◆ **Work order**: Output the data word for word, dropping every image.
Available data START
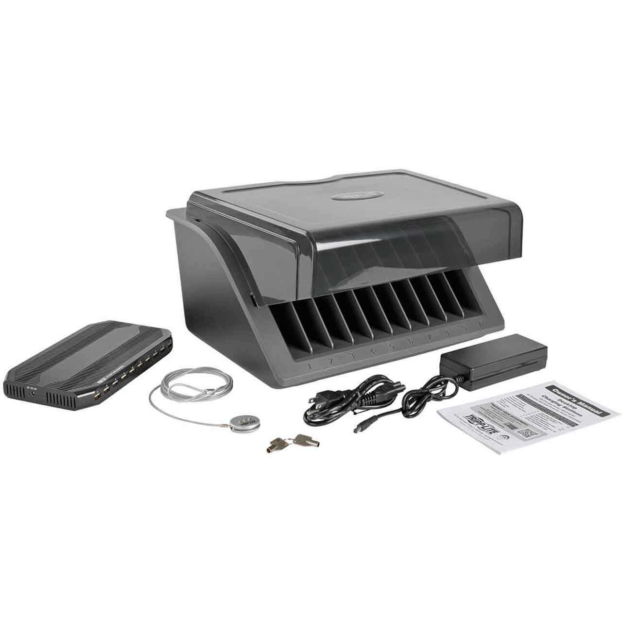 The Tripp Lite CSD1006USB 10-Device Desktop USB Charging Station provides USB charging, secure storage and cord management for up to 10 tablets, iPads and e-readers up to 10.5 inches. It's recommended for schools, offices, warehouses, retail outlets, worksites, healthcare facilities and anywhere else multiple mobile devices are used.
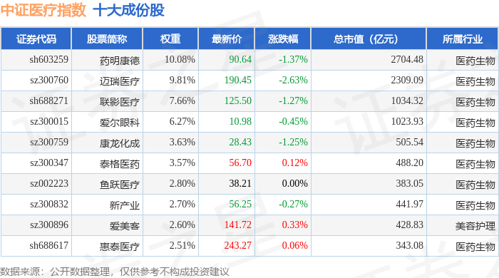 证券之星消息,12月31日,中证医疗(399989)指数报收于6760.06点,跌0.68%,成交161.05亿元,换手率1.53%。当日该指数成份股中,上涨的有13家,卫宁健康以2.2%的涨幅领涨,下跌的有36家,美好医疗以3.8%的跌幅领跌。
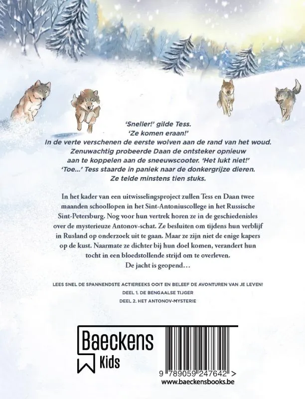 In het kader van een uitwisselingproject zullen Tess en Daan twee maanden schoollopen in het Sint-Antoniuscollege in het Russische Sint-Petersburg. Nog voor hun vertrek horen ze in de geschiedenisles over de mysterieuze Antonov-schat. Ze besluiten om tijdens hun verblijf in Rusland op onderzoek uit te gaan. Maar ze zijn niet de enige kapers op de kust. Naarmate ze dichter bij hun doel komen, verandert hun tocht in een bloedstollende strijd om te overleven. De jacht is geopend!
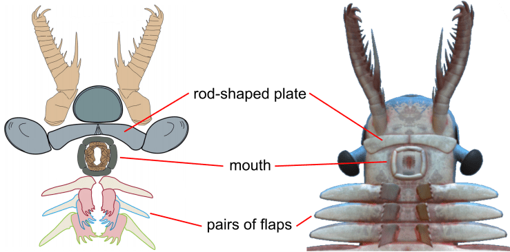 The predatory arthropod Amplectobelua symbrachiata is a good example. We drew heavily upon a 2017 paper by Dr Peiyun Cong and colleagues, which included a very detailed reconstruction of the head region. This reconstruction shows that the underside of the head of Amplectobelua consisted of a rod-shaped plate, a mouth made up of two rows of plates, and three pairs of flaps with spiny appendages, all details that are included in our 3D model.
Available data END
◆ **Response to this task**:
 The Tripp Lite CSD1006USB 10-Device Desktop USB Charging Station provides USB charging, secure storage and cord management for up to 10 tablets, iPads and e-readers up to 10.5 inches. It's recommended for schools, offices, warehouses, retail outlets, worksites, healthcare facilities and anywhere else multiple mobile devices are used.
 证券之星消息,12月31日,中证医疗(399989)指数报收于6760.06点,跌0.68%,成交161.05亿元,换手率1.53%。当日该指数成份股中,上涨的有13家,卫宁健康以2.2%的涨幅领涨,下跌的有36家,美好医疗以3.8%的跌幅领跌。
 In het kader van een uitwisselingproject zullen Tess en Daan twee maanden schoollopen in het Sint-Antoniuscollege in het Russische Sint-Petersburg. Nog voor hun vertrek horen ze in de geschiedenisles over de mysterieuze Antonov-schat. Ze besluiten om tijdens hun verblijf in Rusland op onderzoek uit te gaan. Maar ze zijn niet de enige kapers op de kust. Naarmate ze dichter bij hun doel komen, verandert hun tocht in een bloedstollende strijd om te overleven. De jacht is geopend!
 The predatory arthropod Amplectobelua symbrachiata is a good example. We drew heavily upon a 2017 paper by Dr Peiyun Cong and colleagues, which included a very detailed reconstruction of the head region. This reconstruction shows that the underside of the head of Amplectobelua consisted of a rod-shaped plate, a mouth made up of two rows of plates, and three pairs of flaps with spiny appendages, all details that are included in our 3D model.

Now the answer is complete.